Miss Wattle and the Panton Hill Ukulele Club wowed an audience with their 20-minute performance on one of the festival’s main stages, covering everything from calypso to Oz Rock and western swing.
“We’re all middle aged but we we’re just as excited as kids. For many of us – myself included – it’s the first time in Cairns.”
The festival attracts thousands of visitors from across Australia and the world, with several international ukulele artists taking part, including the so-called “modern-day master” Bartt Warburton and Abe Lagrimas Jr.
Some of the ukulele players in Miss Wattle and the Panton Hill Ukulele Club, which is a group of 10 people, had been learning for only eight weeks before heading to Cairns.

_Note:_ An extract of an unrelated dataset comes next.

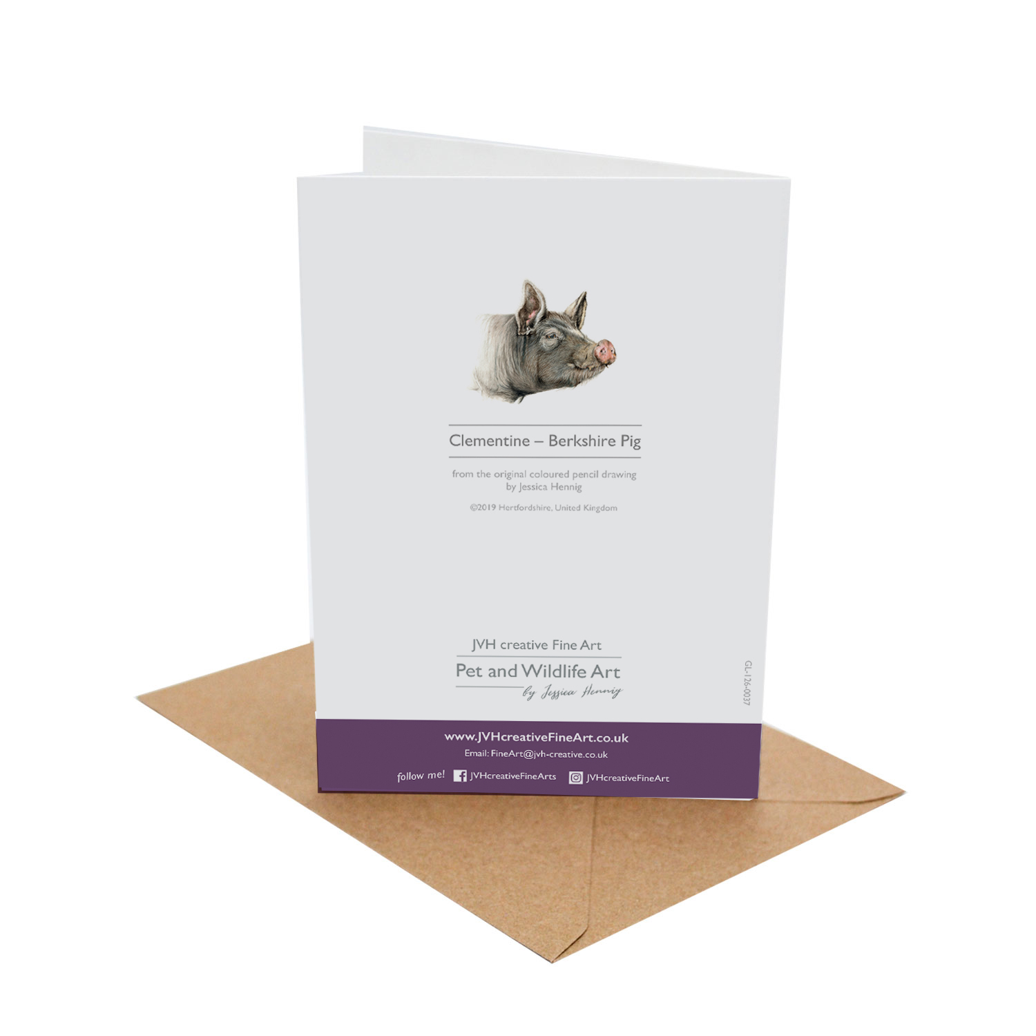 This is Clementine the Berkshire Pig, she is posing on our Good Luck Card!

Sue says beginners generally pick up the ukulele and are playing a song within minutes, and the professional ukulele teacher and entertainer believes that’s why the ukulele is becoming more popular.
“It doesn’t take long to get enough proficiency on a ukulele to entertain people. It’s challenging enough to keep you interested for the rest of your life but simple enough for any person to pick it up and play a song within five minutes,” she said.
“A lot of the people who start my classes are in their fifties and it’s their first time learning an instrument. You really don’t have to be born with music ability – anyone can play and its gives me a thrill to see grown ups playing.”
Warrandyte resident Marjan Kiewiet, who is heading up to Cairns with the club, started learning to play the ukulele nine months ago, after seeing flyers about lessons at the Wattle Festival.
“I was hooked straightaway and it’s a wonderful, inclusive and supportive community of people. Playing with them just makes me so happy and I was really glad to go up to Cairns to perform alongside them,” Marjan said.
While in Cairns, the group also visited the Great Barrier Reef and played at the popular Kuranda Market after a trip on the Kuranda Scenic Railway.
When Sue began playing the ukulele 20 years ago, she “never imagined in a million years” that she would be heading to Cairns to play in such a major festival.
As a teenager growing up in Adelaide, Sue picked up a ukulele for the first time after becoming inspired by other kids her age who were playing music and forming their own bands.
“There was a ukulele lying around I thought I couldn’t play the drums or the saxophone like them but I could probably play the ukulele. The music I found in my grandmothers piano stool from the 1930s had instructions on how to play the ukulele in it so that’s how I taught myself. For me it was a way to be part of the music world that I love.”
Twenty years later, she holds ukulele lessons in Hurstbridge and Eltham and still loves it.
And there’s no sign of Sue giving up her passion for the ukulele any time soon, as she hopes to start classes in Warrandyte.